3 thoughts on “What is the Real Essence of Agile?”

  1. Agile can still be used for projects that you know the entire Scope of and assume there will never be any change to.

    It isn’t just about being adaptive, it allows you to design/code/test /show to the business in small increments.

    Using BDD, you will end up with tests that match acceptance criteria, produce living documentation – and the tests will be usable in Staging and Production environments (and for Regression Testing).

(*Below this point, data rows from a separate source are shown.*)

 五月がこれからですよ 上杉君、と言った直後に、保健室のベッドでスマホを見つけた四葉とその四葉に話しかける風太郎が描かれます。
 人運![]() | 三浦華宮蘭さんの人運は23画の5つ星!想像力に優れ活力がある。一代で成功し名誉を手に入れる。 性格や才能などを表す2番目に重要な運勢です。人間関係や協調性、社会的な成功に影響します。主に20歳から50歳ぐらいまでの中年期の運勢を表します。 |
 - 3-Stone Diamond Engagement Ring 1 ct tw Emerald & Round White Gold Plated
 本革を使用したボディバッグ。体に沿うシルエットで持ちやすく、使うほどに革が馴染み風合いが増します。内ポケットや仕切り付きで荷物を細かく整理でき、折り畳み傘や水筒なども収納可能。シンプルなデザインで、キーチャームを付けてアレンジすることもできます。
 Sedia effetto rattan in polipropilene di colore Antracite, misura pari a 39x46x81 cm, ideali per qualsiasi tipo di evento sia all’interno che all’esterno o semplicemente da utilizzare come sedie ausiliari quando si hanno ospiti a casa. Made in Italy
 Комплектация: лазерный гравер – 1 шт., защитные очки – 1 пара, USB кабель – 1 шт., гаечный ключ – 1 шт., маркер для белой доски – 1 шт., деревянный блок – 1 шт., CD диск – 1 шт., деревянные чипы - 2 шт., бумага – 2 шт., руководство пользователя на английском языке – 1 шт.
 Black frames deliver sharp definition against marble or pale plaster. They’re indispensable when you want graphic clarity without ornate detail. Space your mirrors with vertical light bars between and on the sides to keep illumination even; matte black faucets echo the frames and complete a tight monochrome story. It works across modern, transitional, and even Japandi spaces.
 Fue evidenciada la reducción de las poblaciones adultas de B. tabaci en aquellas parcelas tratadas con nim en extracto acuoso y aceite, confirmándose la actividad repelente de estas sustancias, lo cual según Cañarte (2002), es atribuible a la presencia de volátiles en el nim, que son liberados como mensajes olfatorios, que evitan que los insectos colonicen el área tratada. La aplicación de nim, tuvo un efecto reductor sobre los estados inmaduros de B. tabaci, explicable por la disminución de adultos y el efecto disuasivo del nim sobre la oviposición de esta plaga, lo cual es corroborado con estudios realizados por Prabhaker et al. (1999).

    Before my near 13 years of Agile, I did 17 years of Waterfall. One key problem was that if you test something months down the line, the memory of code (if it needs a change / defect fix) is not fresh in the minds of the coders – either that or they were contractors who had left. With Agile everything is recent/fresh – and the whole Team is on had to ensure it’s quality and acceptability to the Business.

    1. Hi Craig,

      I agree that an incremental development approach is a good approach that can work well even if there is a low level of uncertainty about the requirements; however, if the requirements for the project are truly frozen and are not expected to change at all for the entire duration of the project, many people would say that is not an “Agile” project, it is simply an incremental development approach; however, I think that’s primarily a problem with terminology. There are a lot of problems with terminology in this area that can be very confusing:

      • Many people seem to think that there is a binary and mutually-exclusive choice between “Agile” and “Waterfall”;
      • The terms “Agile” and “Waterfall” are also used very loosely in practice as if there were two discrete methodologies – one called “Agile” and one called “Waterfall”; and anything that is not “Waterfall” must be “Agile”

      The truth is that there are many different methodologies that are not limited to “Agile” and “Waterfall” and you have to fit the methodology to the nature of the problem rather than force-fitting all problems to “Agile” or “Waterfall”. For example, there are a lot of incremental and iterative development approaches that have been around for years that may or may not be considered to be “Agile” (RUP and the variations of RUP are an example). In the situation you described, I wouldn’t be too concerned about whether you call it “Agile” or “Waterfall” because the usage of those terms can be so misleading.

      Please note also that I didn’t say that Agile only works in situations that have high levels of uncertainty that require an adaptive approach; what I said is that an Agile (adaptive) approach works best in situations with high levels of uncertainty that require some level of adaptivity.